Hey, thanks. This is Adam on behalf of Tim Anderson at Bank of America. For TANE-1 and the other obesity trials with orforglipron, do you expect tolerability and safety to look any different than it did in TANE-1? Should we expect tolerability to generally be worse in obese patients versus diabetic patients? Thanks.

Mike Czapar
SVP of Investor Relations, Eli Lilly

Great. Thanks. Jeff, do you want to talk about expectations for A1C on safety tolerability?

Jeffrey Emmick
SVP of Cardiometabolic Health Product Development, Eli Lilly

I don't have a crystal ball. I mean, I think our expectation is that we will see tolerability in the chronic weight management program that is similar to what's been seen for GLP-1s in chronic weight management. There are sometimes some minor differences between type two diabetes and patients without type two diabetes who are overweight or obese. That would be the best guidance I can provide. I can't give you any numbers till we actually see the data.

Mike Czapar
SVP of Investor Relations, Eli Lilly

Great. Thank you, Jeff. Is there one in the back? Jim's good?

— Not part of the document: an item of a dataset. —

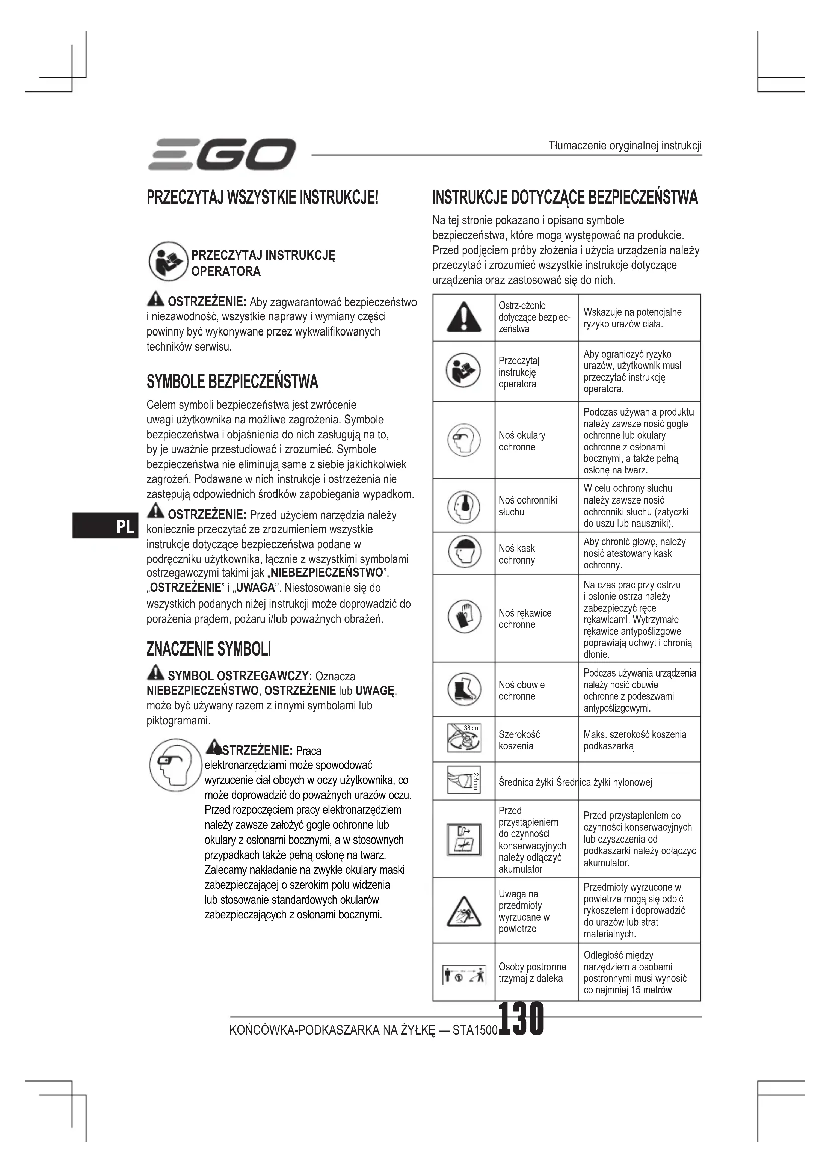 Na tej stronie pokazano i opisano symbole bezpieczeństwa, które mogą występować na produkcie. Przed podjęciem próby złożenia i użycia urządzenia należy przeczytać i zrozumieć wszystkie instrukcje dotyczące urządzenia oraz zastosować się do nich. Ostrz-eżenie dotyczące bezpiec-zeństwaWskazuje na potencjalne ryzyko urazów ciała.Przeczytaj instrukcję operatoraAby ograniczyć ryzyko urazów, użytkownik musi przeczytać instrukcję operatora.Noś okulary ochronnePodczas używania produktu należy zawsze nosić gogle ochronne lub okulary ochronne z osłonami bocznymi, a także pełną osłonę na twarz.Noś ochronniki słuchuW celu ochrony słuchu należy zawsze nosić ochronniki słuchu (zatyczki do uszu lub nauszniki).Noś kask ochronnyAby chronić głowę, należy nosić atestowany kask ochronny.Noś rękawice ochronneNa czas prac przy ostrzu i osłonie ostrza należy zabezpieczyć ręce rękawicami. Wytrzymałe rękawice antypoślizgowe poprawiają uchwyt i chronią dłonie.Noś obuwie ochronnePodczas używania urządzenia należy nosić obuwie ochronne z podeszwami antypoślizgowymi. 38cm Szerokość koszeniaMaks. szerokość koszenia podkaszarką 2.4mm Średnica żyłki Średnica żyłki nylonowejPrzed przystąpieniem do czynności konserwacyjnych należy odłączyć akumulatorPrzed przystąpieniem do czynności konserwacyjnych lub czyszczenia od podkaszarki należy odłączyć akumulator.Uwaga na przedmioty wyrzucane w powietrzePrzedmioty wyrzucone w powietrze mogą się odbić rykoszetem i doprowadzić do urazów lub strat materialnych.Osoby postronne trzymaj z dalekaOdległość między narzędziem a osobami postronnymi musi wynosić co najmniej 15 metrów Tłumaczenie oryginalnej instrukcjiKOŃCÓWKA-PODKASZARKA NA ŻYŁKĘ — STA1500

I think Jim's a really good case. Just want to qualify Dr. Rosenstock's advocation for the GLP-1, SGLT2, and GLP-1 injection as it's been considered by the ways.

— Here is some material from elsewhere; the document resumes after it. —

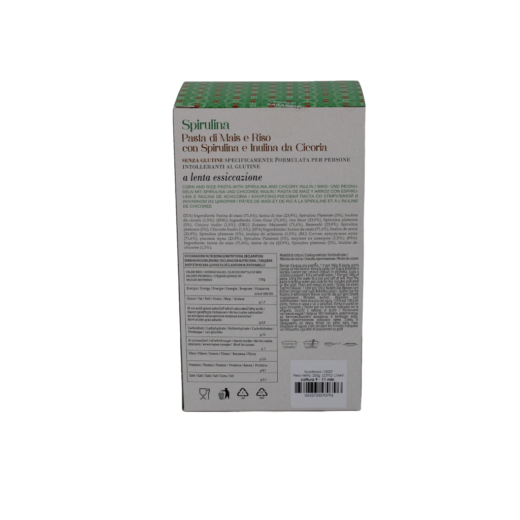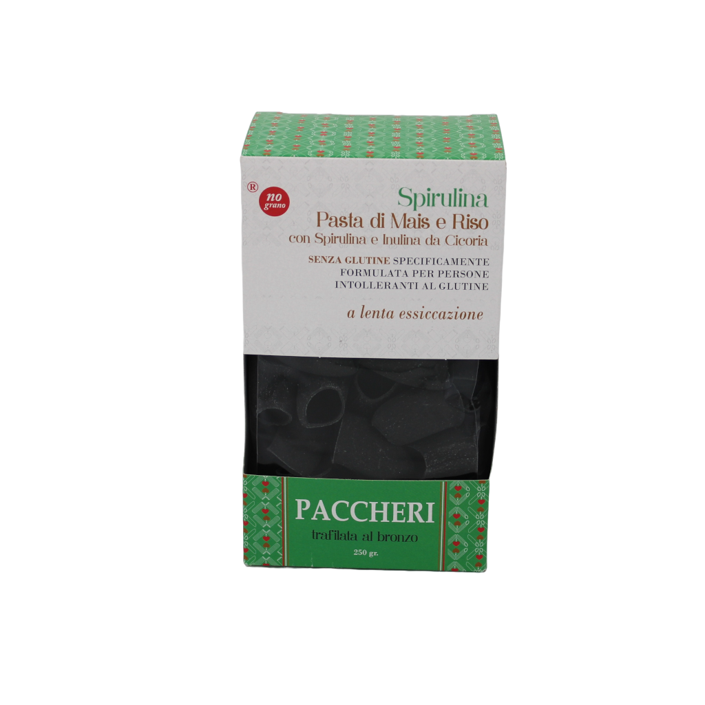 La linea Pasta di Mais e Riso con Spirulina è una pasta secca Senza Glutine, ottenuta dal mais bianco, mais giallo, riso e Spirulina Platensis e Inulina da cicoria.

Great. Maybe Ken, do you want to take that one and talk about the comments from the podium?

Kenneth Custer
President of Cardiometabolic Health, Eli Lilly

Sure. I think you're alluding to Dr. Rosenstock's statement that an ideal combination would be a first-line use of a drug like orforglipron with an SGLT2 inhibitor. Again, as I mentioned, we were very pleased with what we saw with the TANE-1, which showed that using orforglipron early in the type two diabetes continuum delivered in Asia. Even at the three milligram dose, it looked pretty compelling relative to other oral options that are available. Too early to say what settings we may choose to emphasize or potentially develop. I think based on everything we've said tonight, we see this as an early in-disease treatment and are encouraged by leading experts like Dr. Rosenstock acknowledging that as well.

Mike Czapar
SVP of Investor Relations, Eli Lilly

Excellent. Thank you, Ken. Any more hands in the room? I know it has been a long weekend already, so. Okay. Not seeing any. With that, we will go ahead and wrap. Thank everybody for coming tonight. If you do have any follow-up questions, feel free to reach out to the investor relations team. Have a great rest of your night.